Data Scientist in England employer: Reply, Inc.
Contact Detail:
Reply, Inc. Recruiting Team
StudySmarter Expert Advice π€«
We think this is how you could land Data Scientist in England
β¨Tip Number 1
Network like a pro! Reach out to current employees at Data Reply on LinkedIn or other platforms. A friendly chat can give you insider info and might just get your foot in the door.
β¨Tip Number 2
Show off your skills! Create a portfolio showcasing your data science projects, especially those using Python and AWS. This will help you stand out and demonstrate your hands-on experience.
β¨Tip Number 3
Prepare for the interview by brushing up on your machine learning concepts and AWS services. Be ready to discuss how you've tackled real-world problems with data-driven solutions.
β¨Tip Number 4
Don't forget to apply through our website! Itβs the best way to ensure your application gets noticed. Plus, it shows you're genuinely interested in joining the team at Data Reply.

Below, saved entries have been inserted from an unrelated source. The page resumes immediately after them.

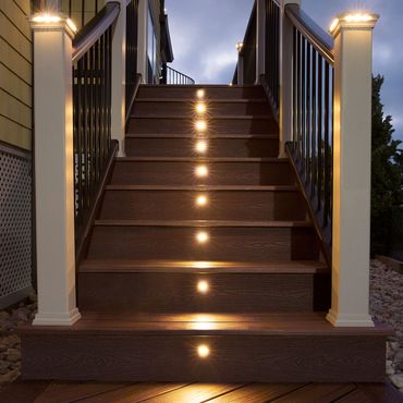 Deck Lighting offer a wireless remote control with dimmer, timer settings, dusk/dawn settings and motion sensing features.
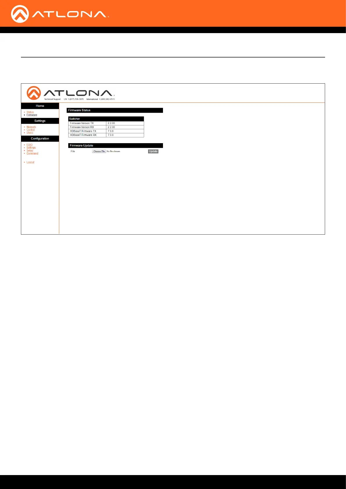 Click this button to select the rmware le. Click the Upload button to begin the update procedure. Refer to
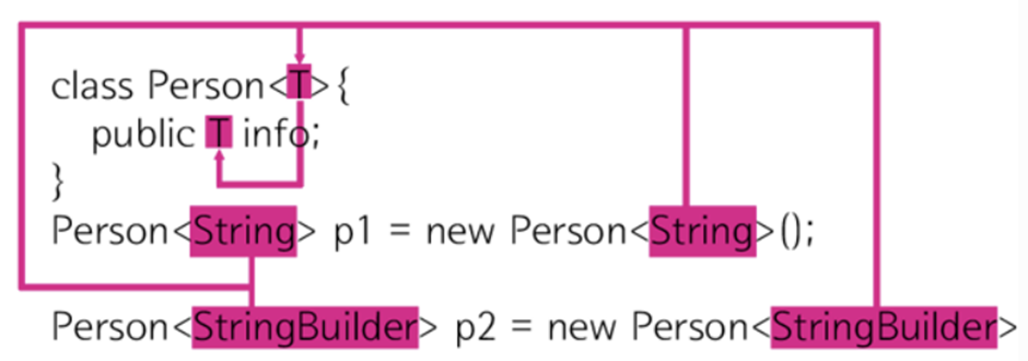 - μ΄ν Personμ΄ μΈμ€ν΄μ€νν λ μ§μ ν ꡬ체μ μΈ λ°μ΄ν° νμ (μ¬κΈ°μμλ string)μ΄ Tμ리μ λ€μ΄κ° λ³μ infoκ°νμ μ κ°κ² λλ€.
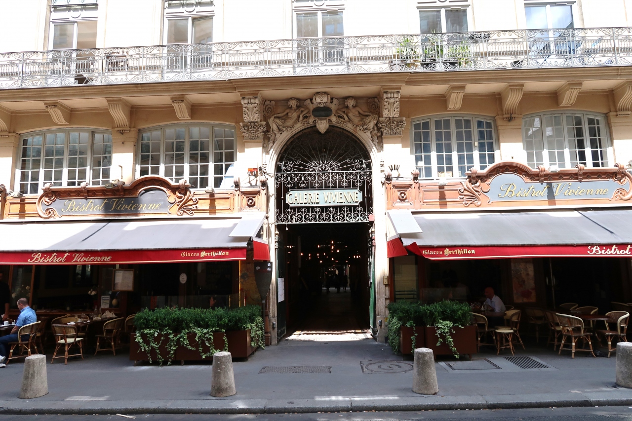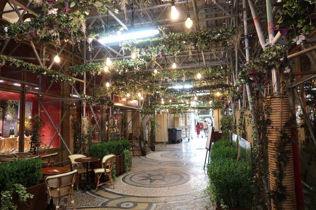 パリ散策中に、ギャラリー・ヴィヴィエンヌのアーチの入口が見えたので、美しいと言われるパリの代表的パッサージュではないかと、立ち寄りました。入口から覗きこんでみましたが、モザイク床は剥がれているし、全体に足場が組まれ、裸電球が下がっていて、中に入るのもためらわれる雰囲気で期待外れでした。ナントの豪華なパッサージュを見た後では、時が流れてしまった物哀しさを感じるほどでした。
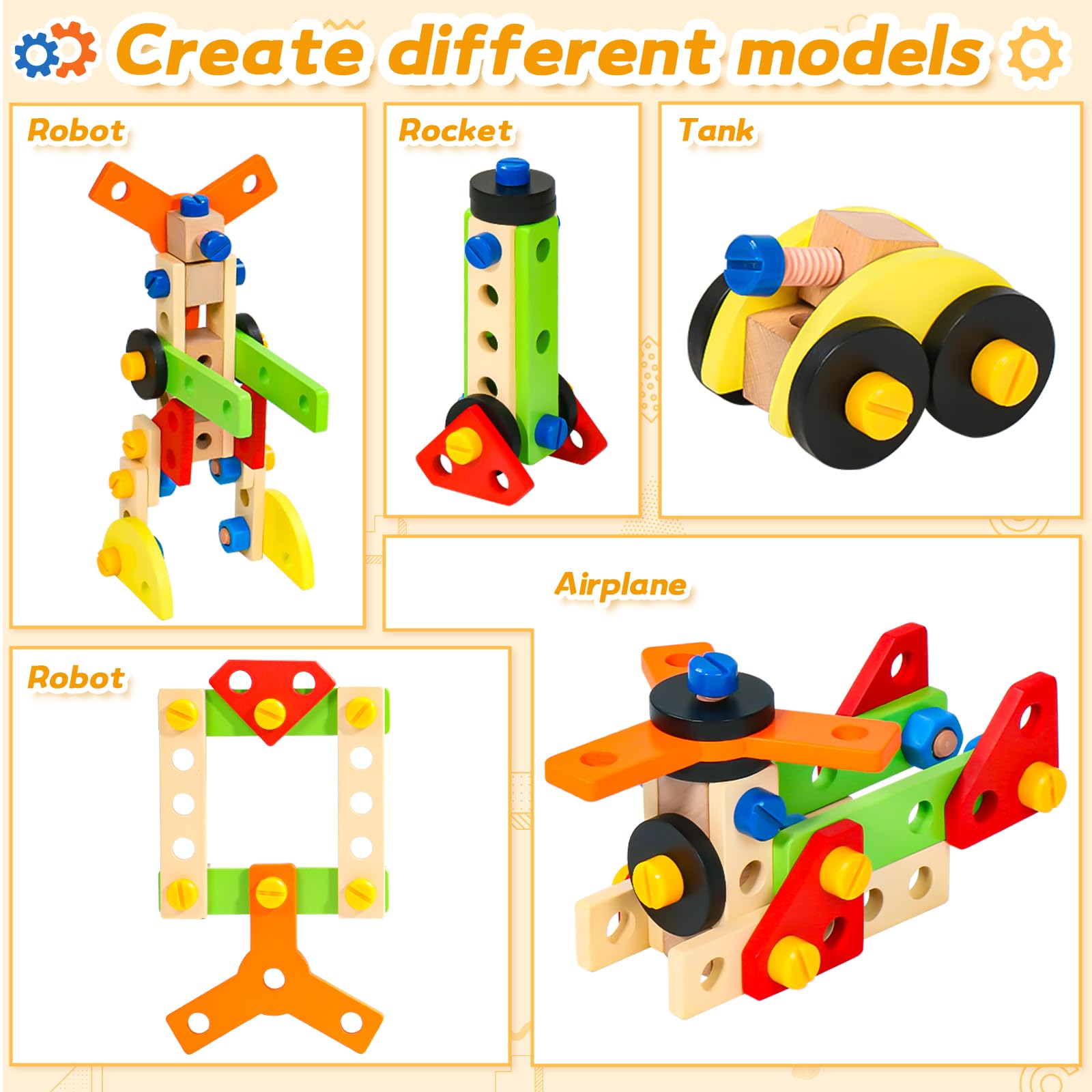 "Inspire Creativity in Kids with Tools - Children's games from 2 years old learning toys are equipped with instructions. Boys can create beautiful 3D puzzle models of airplanes, trucks, rockets, etc. Additional accessories are added to allow children to exercise their creativity and imagination and create various beautiful crafts through DIY."]

We think you need these skills to ace Data Scientist in England
Some tips for your application π«‘
Tailor Your CV: Make sure your CV is tailored to the Data Scientist role. Highlight your experience with machine learning, AWS, and any relevant projects you've worked on. We want to see how your skills match what we're looking for!
Craft a Compelling Cover Letter: Your cover letter is your chance to shine! Use it to explain why you're passionate about data science and how you can contribute to our team. Be sure to mention specific technologies or projects that excite you.
Showcase Your Projects: If you've worked on any enterprise-level projects, make sure to showcase them in your application. We love seeing real-world examples of your work, especially if they involve ML or AI techniques!
Apply Through Our Website: We encourage you to apply through our website for the best chance of getting noticed. Itβs super easy, and you'll be able to keep track of your application status directly!
How to prepare for a job interview at Reply, Inc.
β¨Know Your Tech Stack
Familiarise yourself with the specific technologies mentioned in the job description, especially AWS services like SageMaker and the machine learning frameworks such as TensorFlow or PyTorch. Being able to discuss your hands-on experience with these tools will show that you're not just a theoretical candidate but someone who can hit the ground running.
β¨Showcase Your Projects
Prepare to talk about at least 2-3 enterprise-level projects you've worked on. Highlight your role, the challenges you faced, and how you applied data science techniques to solve real-world problems. This will demonstrate your practical experience and ability to contribute to their team.
β¨Understand the Business Impact
Research how data science impacts business decisions, particularly in the context of the company you're interviewing with. Be ready to discuss how your work can help clients leverage their data effectively, which aligns with Data Reply's mission to provide bespoke solutions.
β¨Ask Insightful Questions
Prepare thoughtful questions about the company's approach to data strategy and the specific challenges they face. This shows your genuine interest in the role and helps you assess if the company is the right fit for you. Plus, it gives you a chance to engage in a meaningful conversation with your interviewers.